In my experience most of the people I work with in achieving their goals are the same way. Remember- it was scientific studies that brought us the magic of the “fat burning aerobic zone” and the low-fat diet, both of which have failed miserably in the area of real-world application and results.
My clients and student don’t care about peer-reviewed papers, they care about to moving better, feeling better and looking better. They want to get stronger and lose body fat. And that is exactly what they do.
So while science and research are vitally important to the fitness business as a whole, they do not concern me nearly as much as the reality of the results. I am one of those guys who chuckles a little when science looks at something that we have doing for years and proves that it works in the lab.
Having said that, I do know this: If you want to improve something you must-
- Find a way to measure it.
- Measure it consistently.
Example- if you don’t balance your checkbook, don’t be shocked to find out you don’t have as much money in the account as you thought. Measure what matters. As I stated in a previous blog, I have chosen to use my heart rate monitor to measure progress with kettlebell ballistic exercises. I have shown significant improvement in every area I have measured, most notably in work capacity and body composition.
Is my $80 heart rate monitor from the sporting goods store 100% accurate in regards to the total number of calories burned in a session? Probably not. But it is better than blindly swinging away and not knowing anything.

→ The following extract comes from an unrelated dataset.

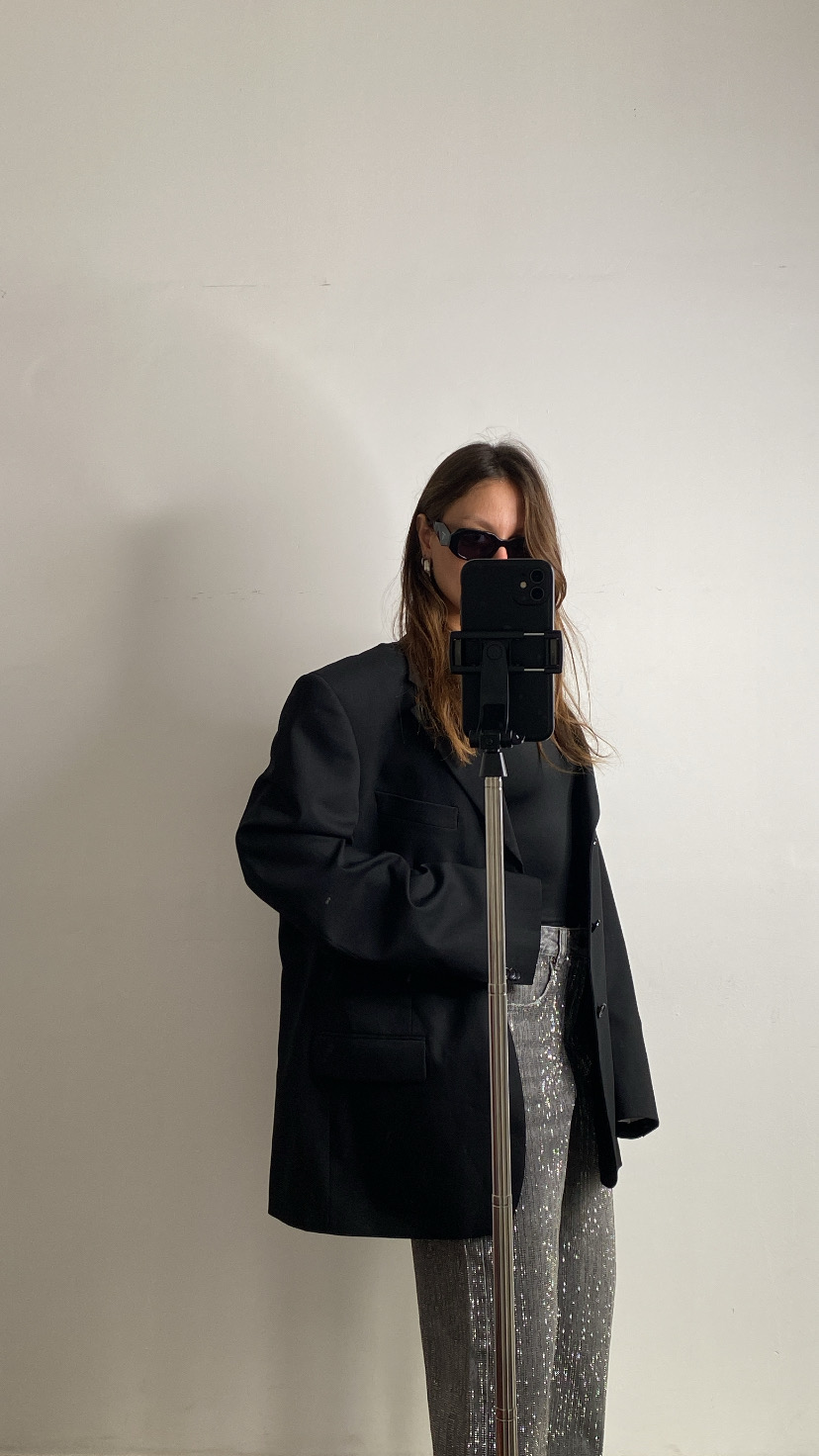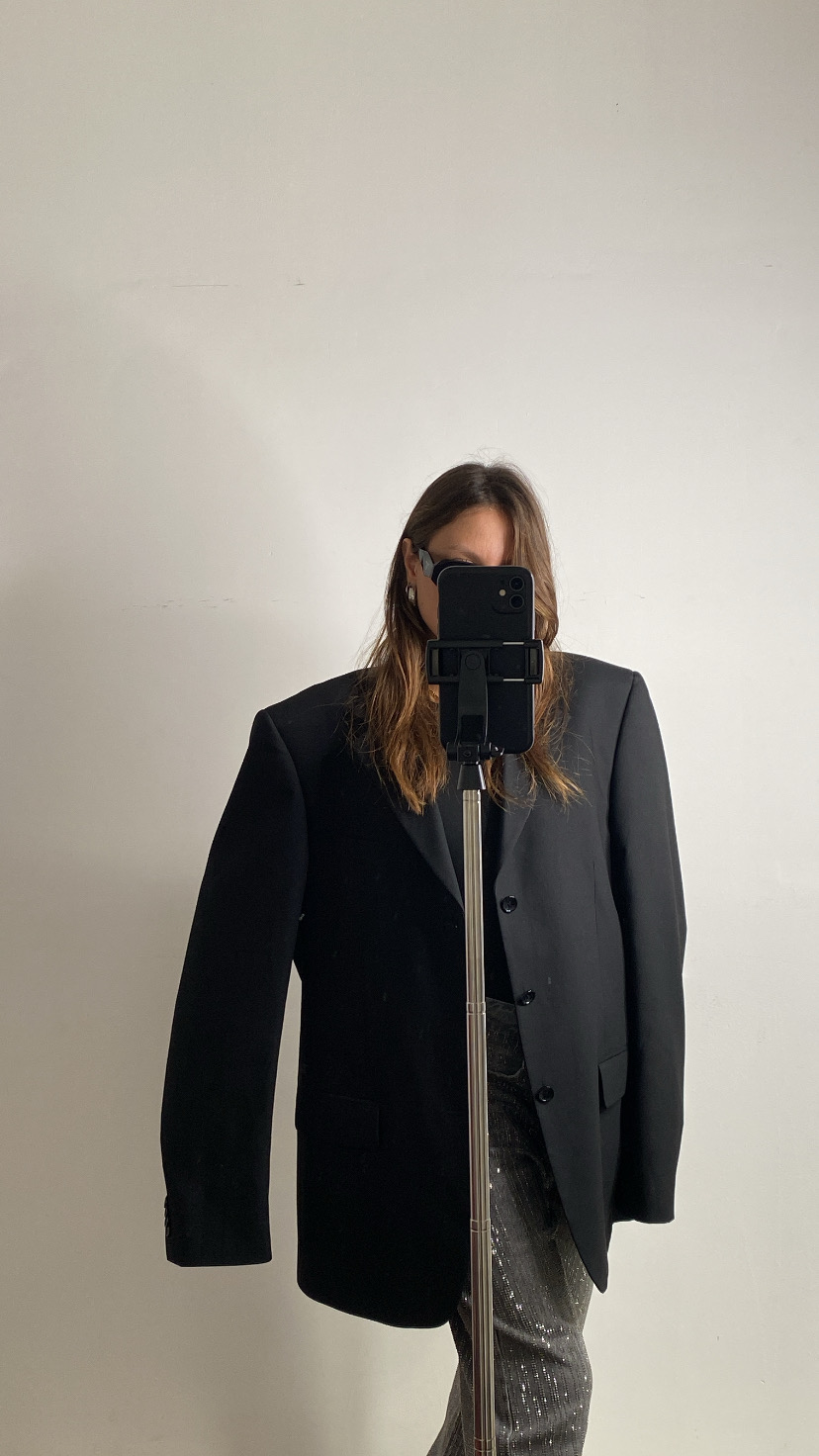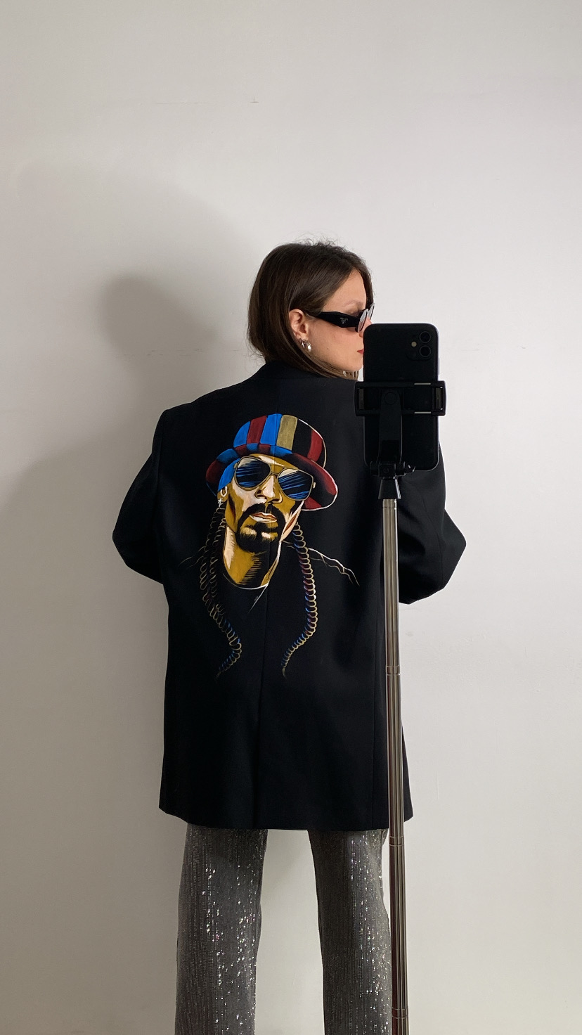 Giacca oversize con spalline sugli omeri bottoni avanti tasche con patta laterali disegno dipinto a mano sul retro di Snoop Dogg 36/48

Why? Because the HR monitor is accurate unto itself and if it shows me that I am able sustain a higher heart rate and burning more calories today than I was last week or last month then that is a desirable, real-world result. The funny thing is that of all the people who pointed that out to me in comments and questions, not one of them suggested that it might be reading too low.
It was pointed out to me that Lance Armstrong at his peak did not generate the same amount of wattage that my HR monitor indicates that I am generating. First of all, I admit do not know how to calculate wattage and really don’t care about it unless we are talking about where I am gonna plug in my Les Paul.
My unscientific mind offers this for consideration: I am quite literally twice Armstrong’s size. This must account for something. I also wonder how many times he can swing a 32kg kettlebell in an hour. I got a feeling that his swing ability is about the equivalent of my big ass on a road bike. Now maybe that’s just redneck logic, but it seems to me like the proverbial Apples and Oranges.
The most finely-tuned high performance race car in the world will never pull as much load as the average semi-truck. That same truck fully loaded will use more fuel for the same number of miles traveled.
Some folks have pointed out that research and studies are saying the level of calorie burn from the previous post is not only inaccurate, it is impossible.
Good. Dennis Rogers taught me to specialize in the impossible. I am the Hardstyle Bumble Bee.
Studies are done on control groups with average people.
I refuse to be controlled. I refuse to be average. I urge you to do the same.